Actor Christopher Udoh as Charles "Buddy" Bolden in John Akomfrah's Precarity

Photo courtesy of the Nasher

Actor Christopher Udoh as Charles "Buddy" Bolden in John Akomfrah's Precarity

"I like the sense that once something drops out of the universe of history, [it goes] into a parallel universe of fiction," John Akomfrah told the INDY at the opening of Precarity, his three-channel video installation on view at the Nasher through the fall.

The piece takes up the life and myth of Charles "Buddy" Bolden, the New Orleans cornet player who is apocryphally said to be the first jazz musician. Though speculative accounts of Bolden's life exist, very few facts remain. What is a matter of historical record is that Bolden died in 1931 after spending two decades in a mental institution. Akomfrah was inspired by Coming Through Slaughter, Michael Ondaatje's 1976 novel about Bolden. Spiraling out from the bare-bones facts of Bolden's life, Akomfrah weaves a meditation on madness, desire, and creativity under the materially precarious conditions of diaspora.

Precarity escapes easy categorization, existing in a liminal space between essay film, experimental documentary, fiction, and sculpture. The installation, which runs on enormous screens, montages various historical and fictional materials together: black-and-white archival photographs of the New Orleans African-American community framed in close-up in the bed of a rushing river, fictional tableaux from Bolden's life on high-definition color video, documentary footage of early-twentieth-century white Americans playing at amusement parks and working in factories, and wide-angle, panoramic long takes of the city's contemporary infrastructure, rendered in twilit oranges and oily browns. With each of the screens cutting between these variegated materials, the past seems to continually intrude upon the present.

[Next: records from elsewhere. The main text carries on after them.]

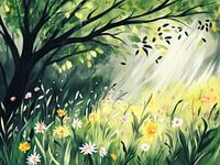Een idyllisch landschap toont een boom met groene bladeren die over een weide vol kleurrijke wilde bloemen leunt. Zonlicht stroomt door de bladeren en baadt het weelderige gras eronder in een warm licht.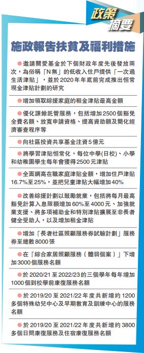 【香港商報网訊】記者周偉立報道:現屆政府一直關注基層人士的福祉,推出多項社會福利措施。林鄭月娥昨日在施政報告中提出,政府會透過現金津貼,為非公屋、非綜援的低收入住戶(俗稱:N無人士),包括輪候公屋人士,提供支援,由於有關研究工作需時,故將邀請關愛基金把原本在紓困措施中為上述低收入家庭提供的「一次過生活津貼」於下年度發放兩次,以讓政府可以在2020年年底前完成推出恒常現金津貼計劃的研究。同一時間,政府建議增加領取綜援家庭的租金津貼最高金額。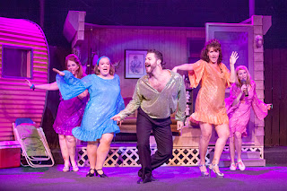 Justin Been's terrific direction maintains a well-paced clip, and our three local yokel "tour guides" are boisterous and wonderful in their roles. Furlow, a fantastic character actor who does southern really well, leads the pack as Betty. Kay Love's "Lin" does a great job with "That's Why I Love My Man", and Jessica Tilghman is very funny as Pickles as well as her additional roles. Jamie Lynn Marble's Pippi has a strong-ass voice, and engages you enough to make you kind of root for her, even though she's "the other woman". Zachary Stefaniak's Norbert Garstecki along with a convincing Lindsey Jones as Jeannie handle their big numbers very nicely and Jones really sells the number, "Panic". Keith Parker Jr.'s Duke doesn't come into the picture until the second act, but he makes quite an impression when he does with the number, "Road Kill". This cast looks good cutting loose with JT Ricroft's lively choreography, and they excel in the ensemble numbers, particularly a Sally Jessy Raphael styled dream sequence and the sparkly act one closer, "Storm's A-Brewin'". They also look appropriately trashy in Alexandra Scibetta Quigley's costumes, and the band handles the 50's styled rock 'n' roll score beautifully.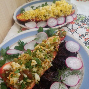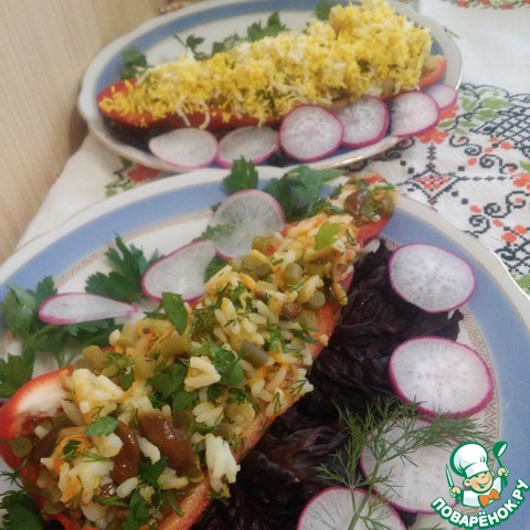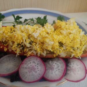 7. Второй частью тоже наполнить перец и сверху присыпать натертым яйцом на мелкой терке.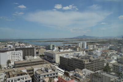 部屋からの見晴らし。チュニスはチュニス湖西湾に面している。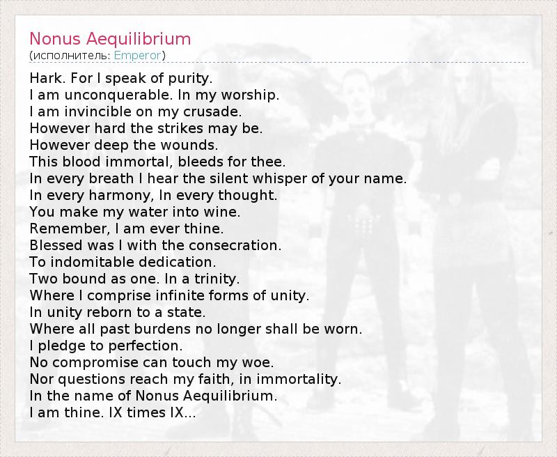 А как ты думаешь, о чем песня "Nonus Aequilibrium" ?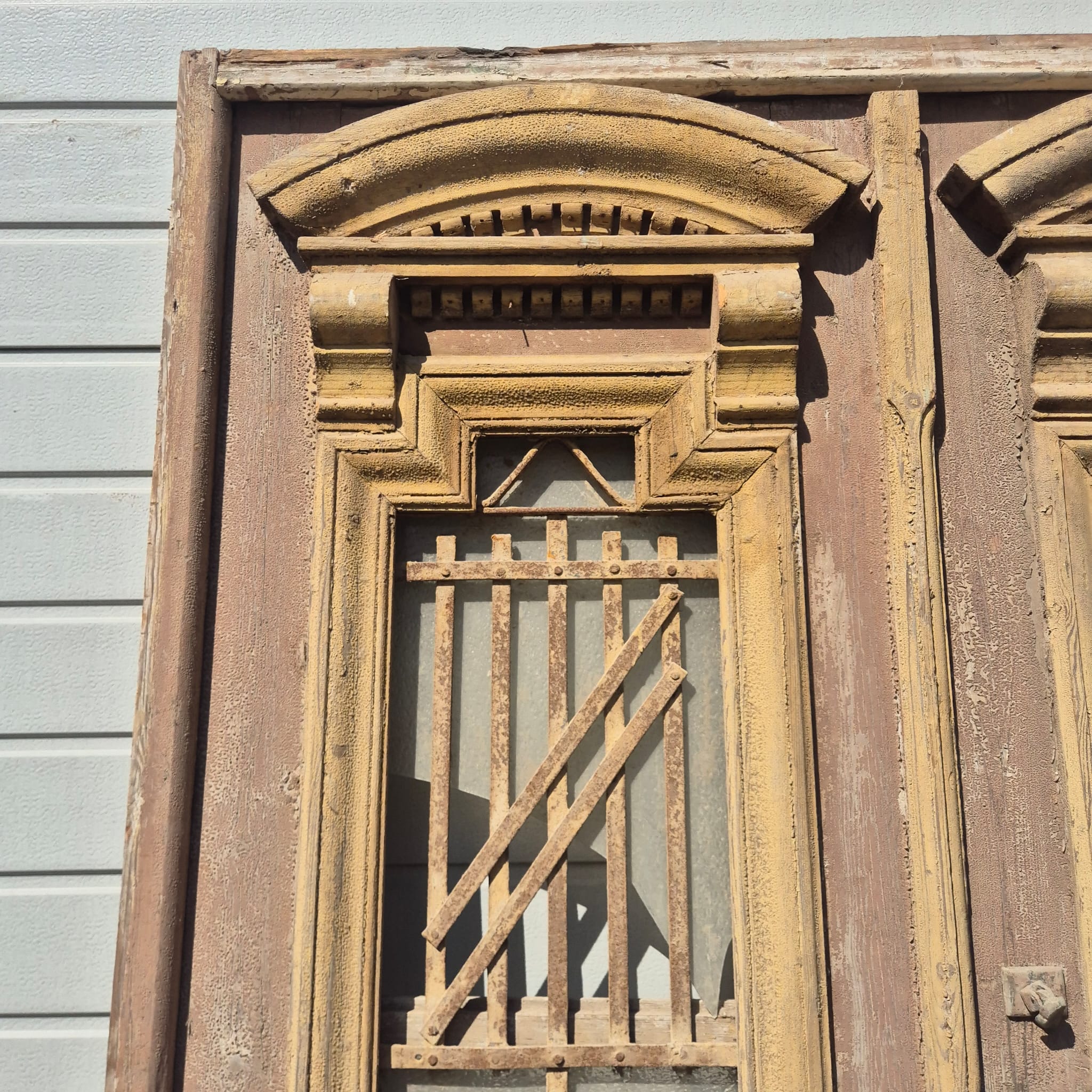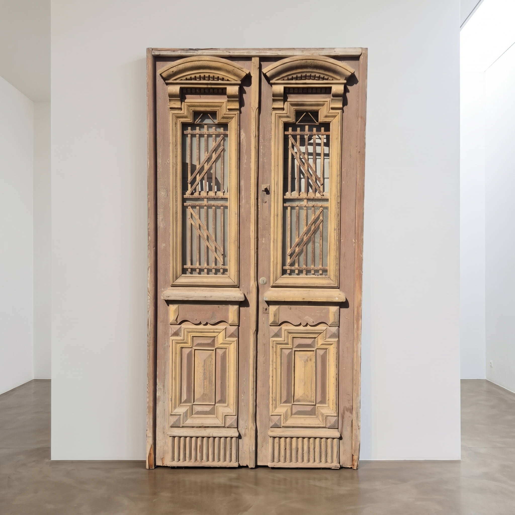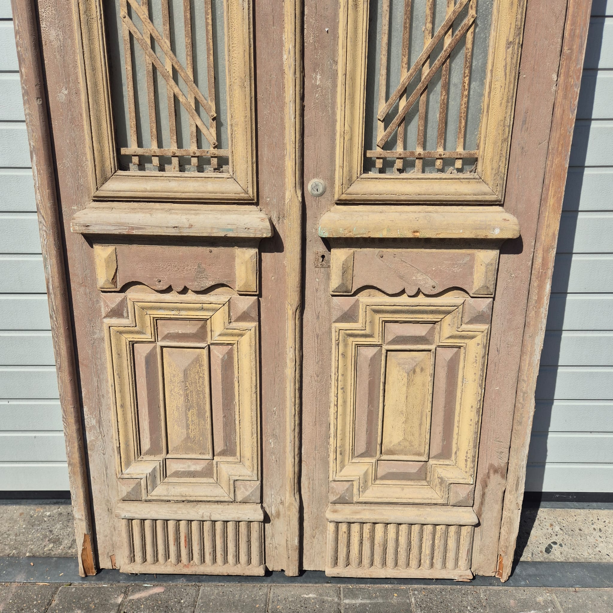 Historisches Design: Der Rahmen und die Türflügel präsentieren sich im unrestaurierten Originalzustand mit einer faszinierenden, mehrschichtigen Farbfassung in Beige die eine einzigartige Patina bildet.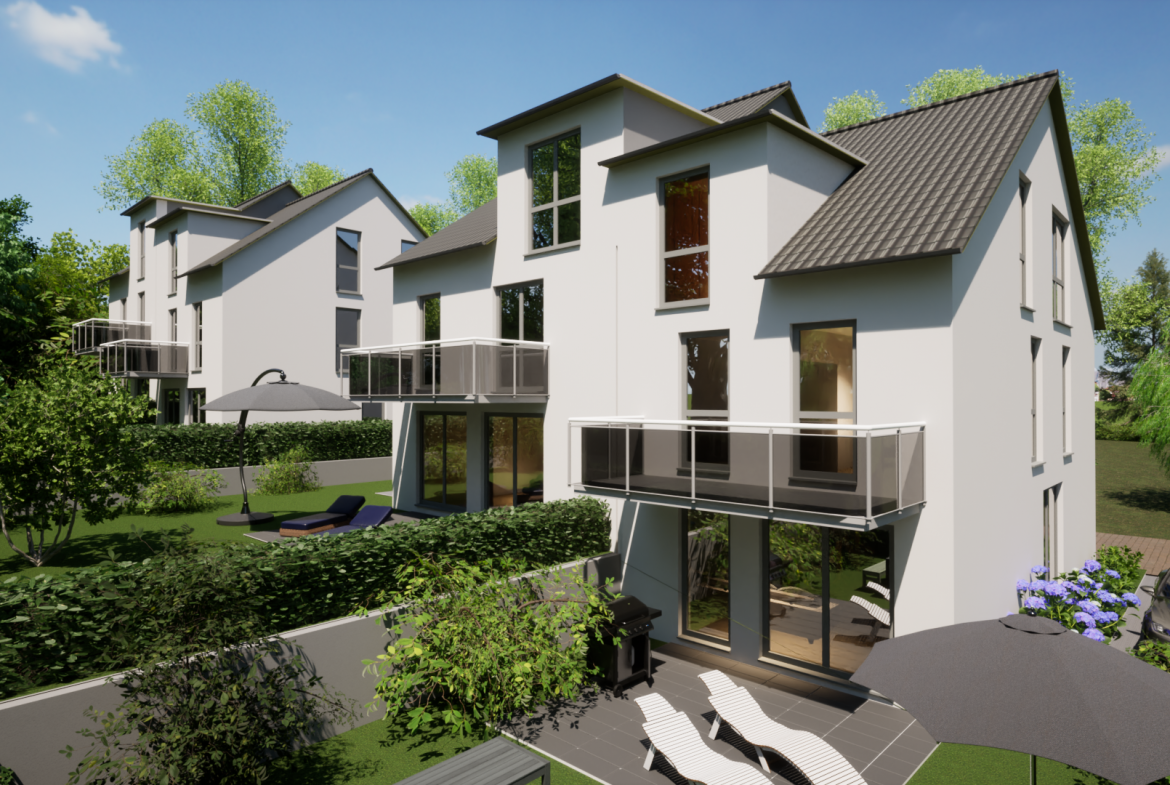 Massive und solide Mauerwerkbauweise ist Grundlage unserer Gebäude, Fundamente, Bodenplatte und Keller entstehen aus wasserdichtem Beton. Das Gebäude erfüllt die hohen Anforderungen der KFW als KFN 40 Energiesparhaus in der Energieeffizienzklasse A+. Die Fassade und das Dach werden mit nachhaltigen Materialien wie Holzfaserplatten, Zellulose und Steinwolle gedämmt. Die hochwertige Materialauswahl wird mit einer PV-Anlage inklusive Speicher und einer gehobenen Innenausstattung abgerundet.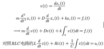 为了进一步揭示机械系统和电气系统微分方程之间的相似性,我们用质量块的位移速度作为变量,得到如下: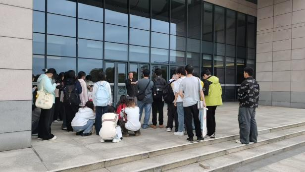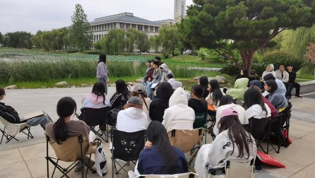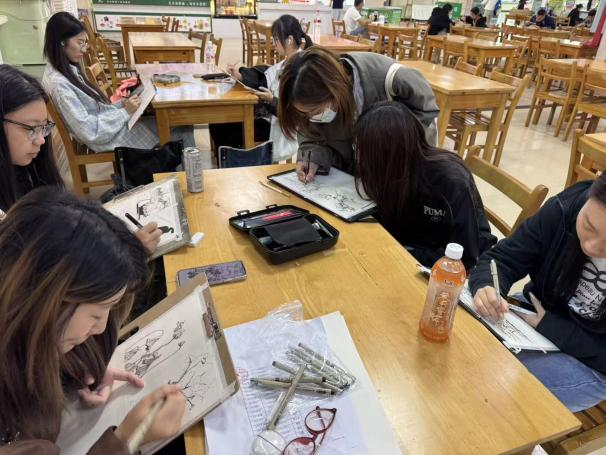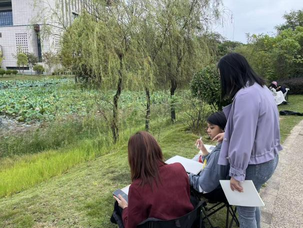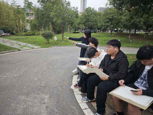随后,学生们在各班教师的带领下,前往校园内的各个写生点。图书馆前,学生们在教师的指导下,捕捉光影变化,学习如何巧妙表现画面的空间层次感;明德湖畔,围绕亭台水榭,教师耐心讲解构图技巧,引导学生发现自然与人文的和谐之美;现代教学楼前,教师结合建筑线条,解析美学原理在设计中的应用,激发学生的创新思维。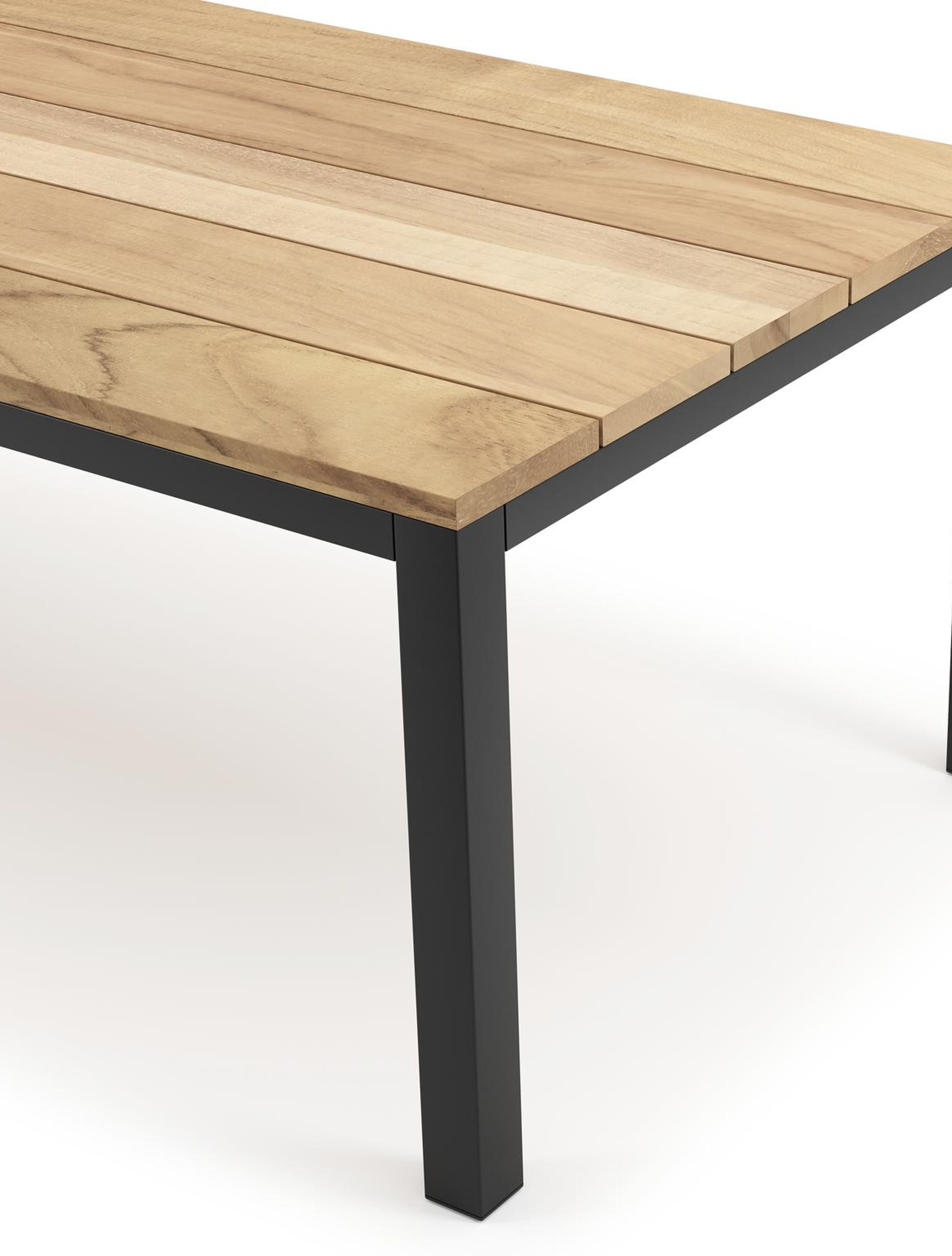 Een tafelblad uit teak staat gelijk aan bijzondere kwaliteit en natuurlijk design. Teak is een kwalitatieve houtsoort gekenmerkt door zijn hardheid. Aangezien hout leeft, kan de structuur of kleur licht anders zijn dan op het beeld weergegeven.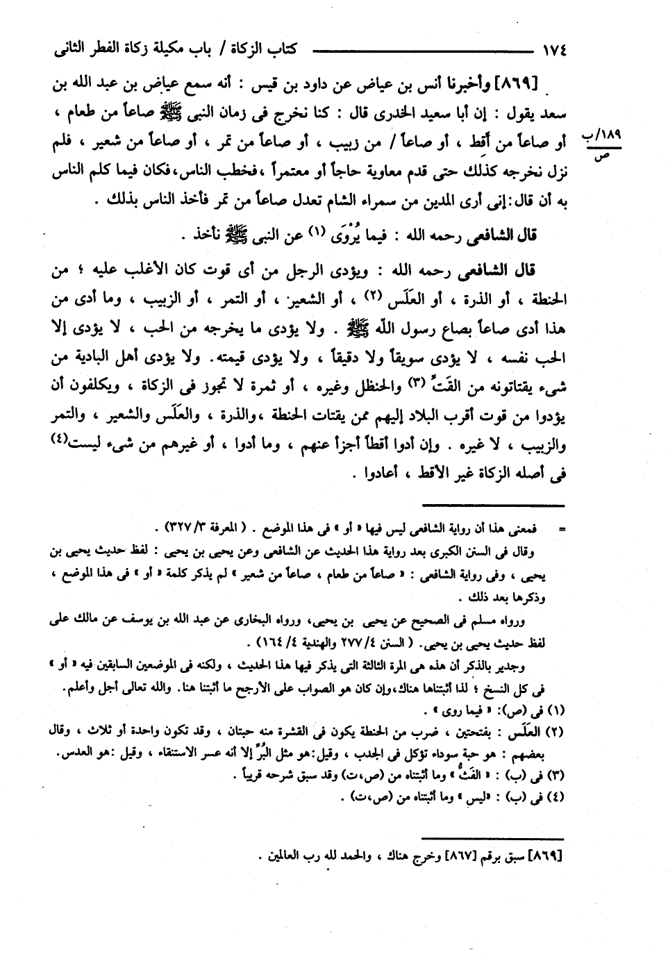 قَالَ الشَّافِعِيُّ : رحمه الله تعالى أَخْبَرَنَا مَالِكٌ عَنْ زَيْدِ بْنِ أَسْلَمَ عَنْ عِيَاضِ بْنِ عَبْدِ اللَّهِ بْنِ سَعْدٍ أَنَّهُ سَمِعَ أَبَا سَعِيدٍ الْخُدْرِيَّ يَقُولُ { كُنَّا نُخْرِجُ زَكَاةَ الْفِطْرِ صَاعًا مِنْ طَعَامٍ , أَوْ صَاعًا مِنْ تَمْرٍ , أَوْ صَاعًا مِنْ شَعِيرٍ , أَوْ صَاعًا مِنْ زَبِيبٍ , أَوْ صَاعًا مِنْ أَقِطٍ }@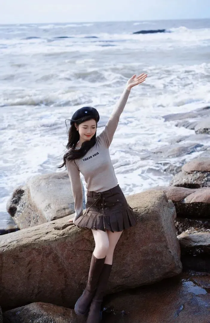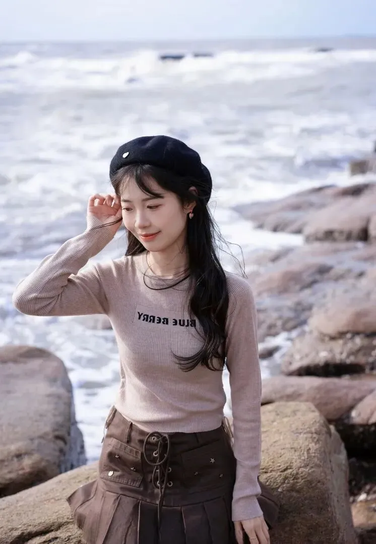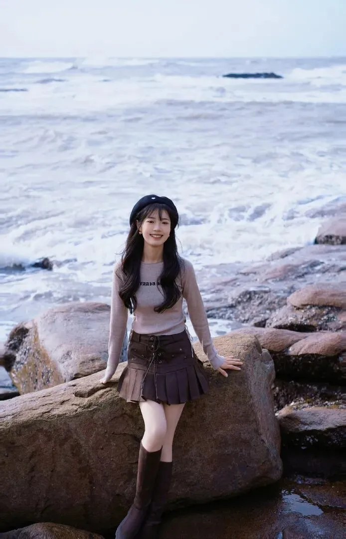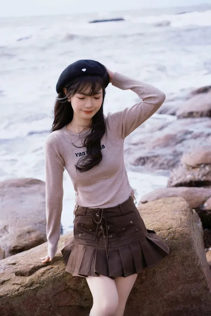.这套.穿搭走.的是温.柔又带点.俏皮的复古.学院风.,浅.卡其色针.织衫搭配深.棕色百.褶短裙,再.配上一.顶黑.色贝雷帽,.经典又.百搭.,完美适.配海边的清.新氛围。

In recent years, some critics have pointed out that experimental film's increasing consumption in contemporary art spaces instead of traditional theaters leads to distracted, superficial engagement with moving-image works. Precarity takes up the challenge of being built for fragmentary viewing in a gallery without losing its force or complexity. Because the piece resists narrative closure, you can walk in and out, viewing it from different angles and encountering it in different ways, though it also rewards focused linear viewing to fully experience the juxtapositions of text and image. To Akomfrah, the multiple screens allow a certain freedom.

"On a single screen, closure is necessary because otherwise things start to look confusing," he says. "On the multiple screens, the confusion is part of the structure."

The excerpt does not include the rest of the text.